Although Fox does not challenge the sufficiency of the evidence, a brief recitation of the facts, as presented by the State’s evidence, is appropriate. The victim, L.C., was eleven years old at the time of the offense and fourteen at the time of trial. She has one brother, and their mother is Jennifer Jo Cassidy. L.C. testified that Fox was her mother’s former boyfriend and that he lived in the home with them for eight years. However, at the time of the offense in question, Fox had been out of the home for about a month. L.C. testified that, during the time Fox was living with them, he touched her inappropriately many times. She further testified that, on a rainy evening in November 2000, she and her brother were at home and their mother was at a friend’s house when, around midnight, Fox tapped on her bedroom window. L.C. let him inside the house through the window and followed him to her mother’s bedroom, where Fox sexually assaulted her on her mother’s bed. L.C. was in her menstrual period, and as a result of the assault, blood was left on the bed and on a white T-shirt Fox was wearing. After the assault, Fox changed into a different shirt, leaving the white T-shirt at the house. L.C. testified that, after Fox left, her mother returned home around 1:00 a.m. L.C. told her what had happened. They contacted the police the next day.

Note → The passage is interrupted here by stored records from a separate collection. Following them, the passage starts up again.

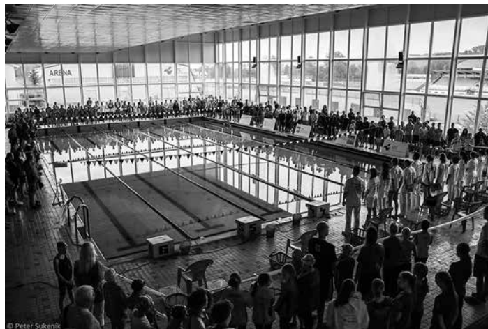
V sobotu 4. októbra sa na púchovskej krytej plavárni uskutočnil už 11. ročník Veľkej ceny Púchova, ktorej sa v tomto roku zúčastnilo 400 plavcov z celého Slovenska.

1. Plavecký oddiel bol kedysi najlepším oddielom v SR. Mal silnú základňu. Dnes je opak pravdou.
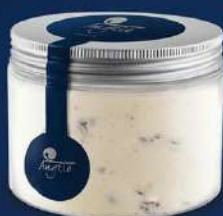
Mascarpone amb figues
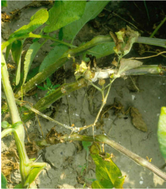
Sclerotinia sclerotiorum op aardappelstengels.
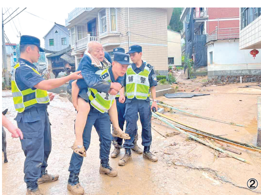
图2 7月22日晚,浙江省杭州市富阳区一山体因持续暴雨发生滑坡,富阳公安分局组织警力350余名开展紧急救援,图为民警背中风老人转移至安置点。
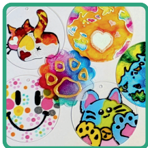
ヒカリノシズク (ディンプルアート)

FAILURE TO CONDUCT MENTAL STATUS HEARING OR GRANT MISTRIAL

Fox’s first two points of error are related and will be considered together. He contends that, after L.C. suffered a “psychotic episode” during her testimony at the penalty phase of the trial, the court erred in failing to conduct an inquiry into her mental competency to testify and in failing to grant a mistrial.

During the punishment phase of the trial, but outside the jury’s presence, the following exchange occurred between the trial court and L.C.:

THE COURT: Did you want to say something?....
[L.C.]: Actually, really the reason why I’m taking medication is that he sent dolls after me and I have been seeing dolls for three years chasing me, and telling me to kill people, and I almost killed my brother over it.

Fox immediately moved for a mistrial, which the court denied. Fox now contends the trial court’s failure to sua sponte conduct a hearing to determine L.C.’s mental competency was error.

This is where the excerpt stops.